This exercise will require building a set of classes in separate files, within a visible package, say, package karel. It will define infrastructure to make it easy to incorporate strategies into robot programs. These classes won't be robots, but can be used by robots and are often features (fields) of robot classes. Strategies and Decorators are discussed in Chapter 4, including how to build up a list of decorators to "remember" a chain of actions for execution later.
The first file contains only an interface:
package karel;
import kareltherobot.UrRobot;
public interface UrRobotStrategy {
public void doIt(UrRobot robot);
}
Strategies "execute" via their doIt method applied to a robot. Initially we will restrict it to actions avaiable to all UrRobots, but it can be extended later.
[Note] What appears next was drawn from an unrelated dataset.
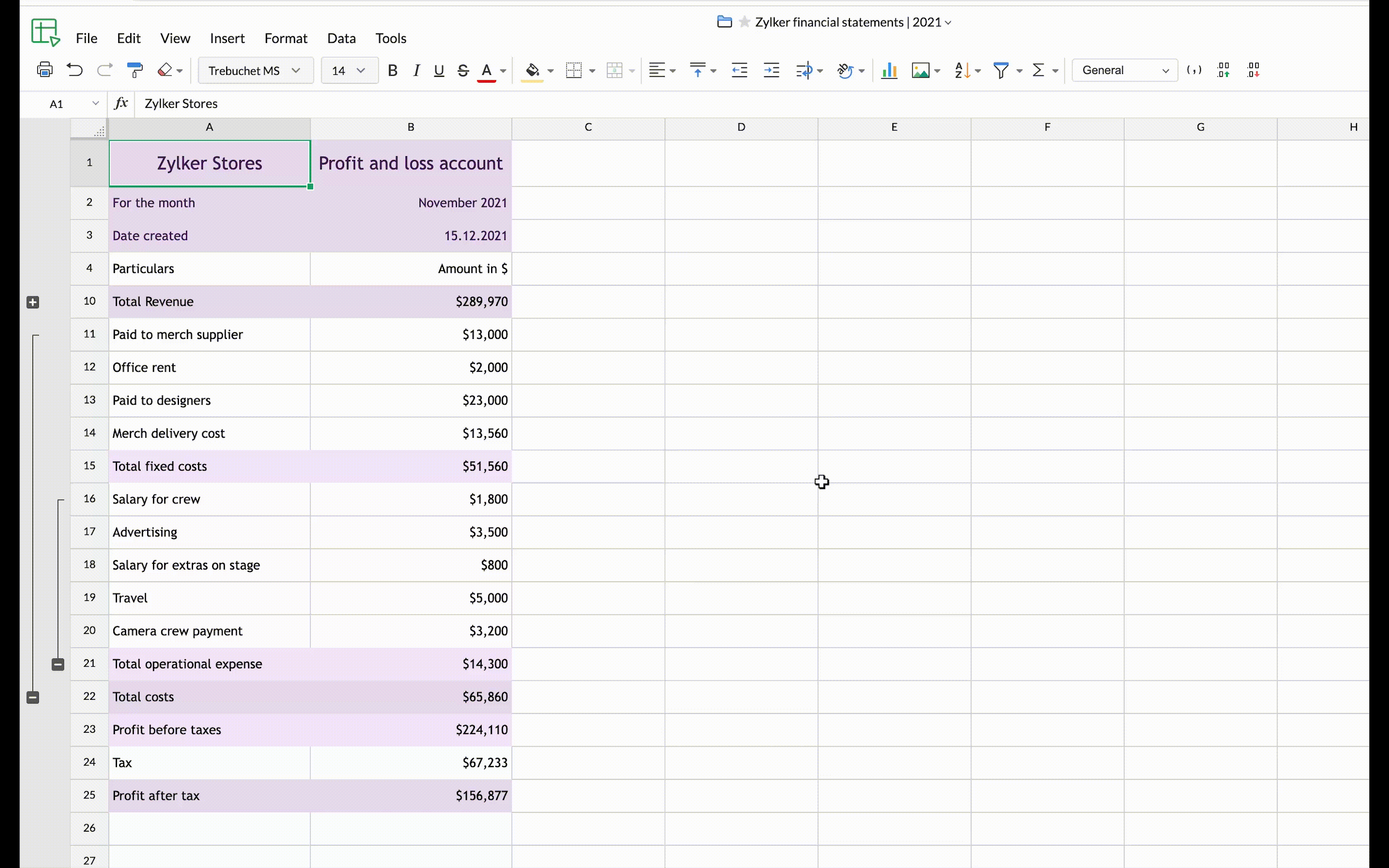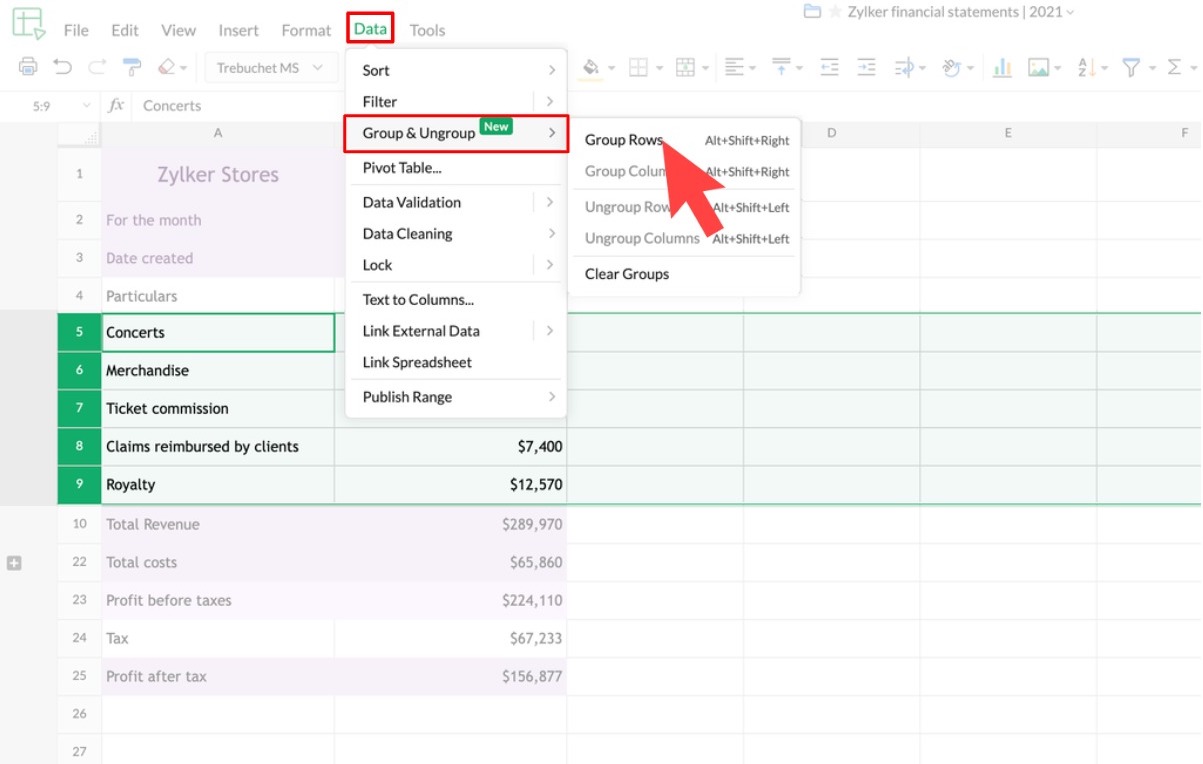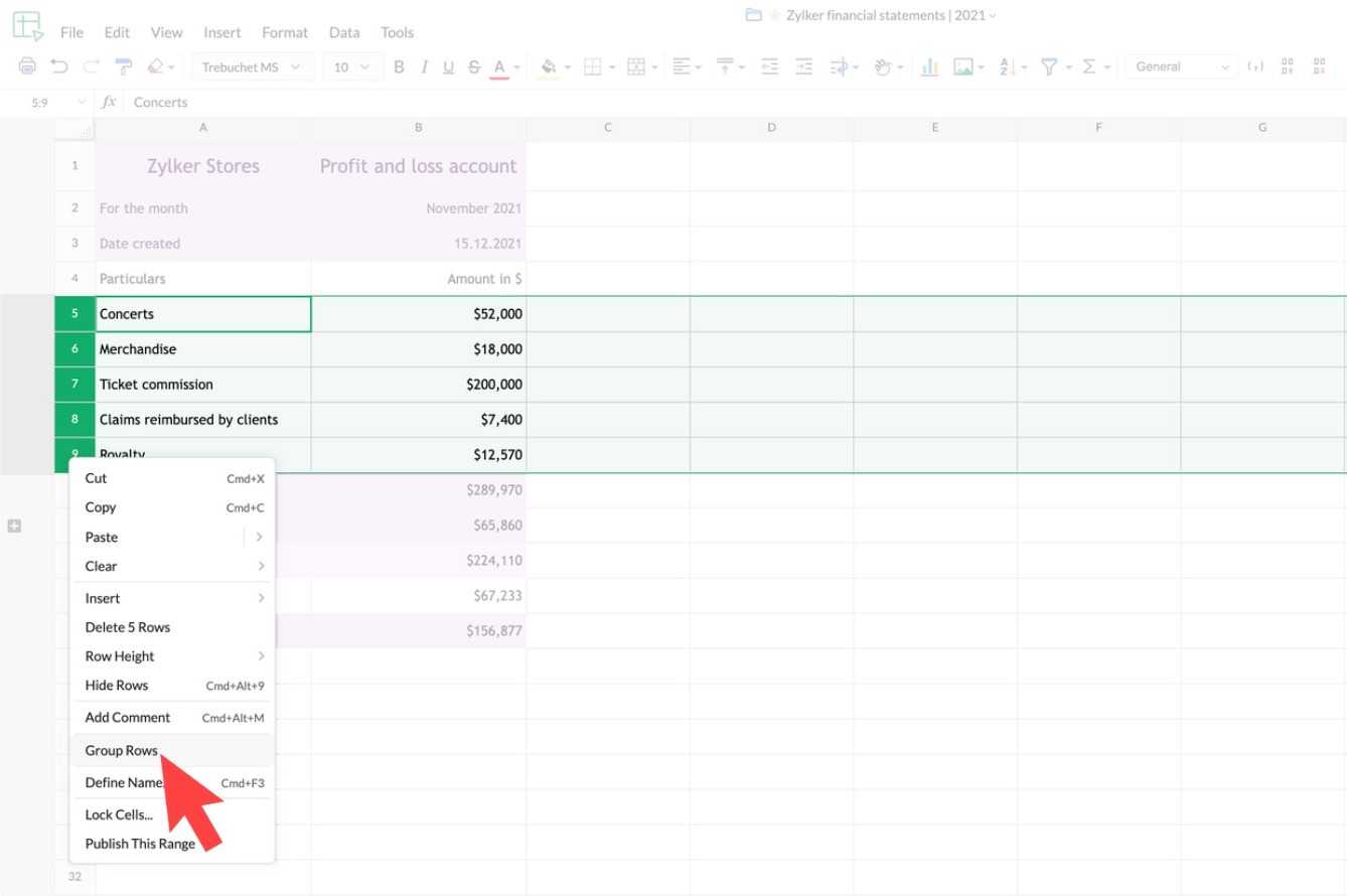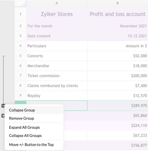 必要な行/列を選択し、それらをグループ化することで、親グループまたはサブグループを作成できます。選択済み範囲に既にグループが含まれている場合、それはサブグループになります。
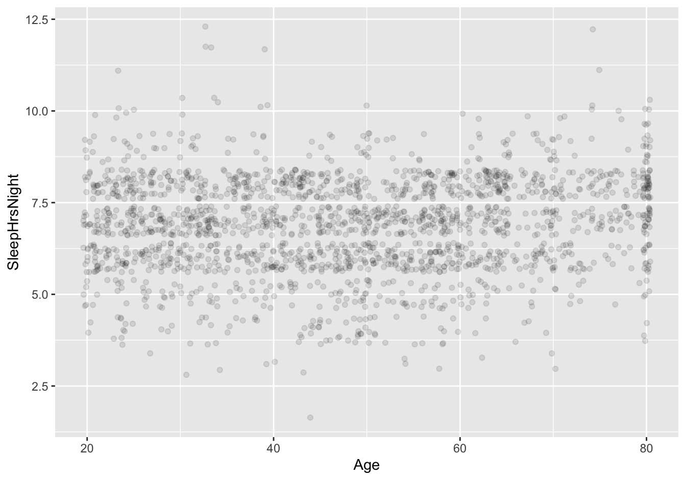 library(mosaic)Please also download and import the data in NHANES_sleep.csv. This file contains a sliver of data from the National Health and Nutrition Examination Survey, known as NHANES. NHANES is a major national survey run by the US Centers for Disease Control and Prevention (CDC). Per the CDC, it is “designed to assess the health and nutritional status of adults and children in the United States.” It is intended to be a nationally representative survey whose results can generalized to the broader American population—and indeed, it is basically as good as surveys ever get in that regard, at least outside the pages of a statistics textbook. Moreover, NHANES is unusually comprehensive as far as health surveys go, in that it combines both interviews and physical exams.

This simplest strategy does nothing when invoked. It is often how we start a chain of decorators.
package karel;
import kareltherobot.UrRobot;
public class NullStrategy implements UrRobotStrategy {
@Override
public void doIt(UrRobot robot) {
// Nothing
}
public UrRobotStrategy decorated() {
return this;
}
}
Decorator is an abstract class that isn't instantiated, since it, too, does nothing. It is the concrete subclasses that hold robot actions.
package karel;
public abstract class Decorator extends NullStrategy {
private UrRobotStrategy decorated;
public Decorator(UrRobotStrategy strategy) {
decorated = strategy;
}
public UrRobotStrategy decorated() {
return decorated;
}
}
What we want to build is a set of decorator classes, each of which only performs a single simple UrRobot action that might be useful in several contexts. For example:
package karel;
import kareltherobot.UrRobot;
public class MoveDecorator extends Decorator {
public MoveDecorator(UrRobotStrategy strategy) {
super(strategy);
}
@Override
public void doIt(UrRobot robot) {
robot.move();
decorated().doIt(robot);
}
}
We will also want similar decorators for other common actions: TurnLeftDecorator, TurnRightDecorator, TurnAroundDecorator, PickBeeperDecorator, PutBeeperDecorator, MoveDecorator and possibly one or two others. The author hasn't found any use for a TurnOffDecorator, however, but it is easy to build.
Note that the MoveDecorator sends the move message to its argument, a robot, prior to invoking the doIt method of the decorated strategy. This implies that if you build up a chain of decorators the last one added will be the first one that acts.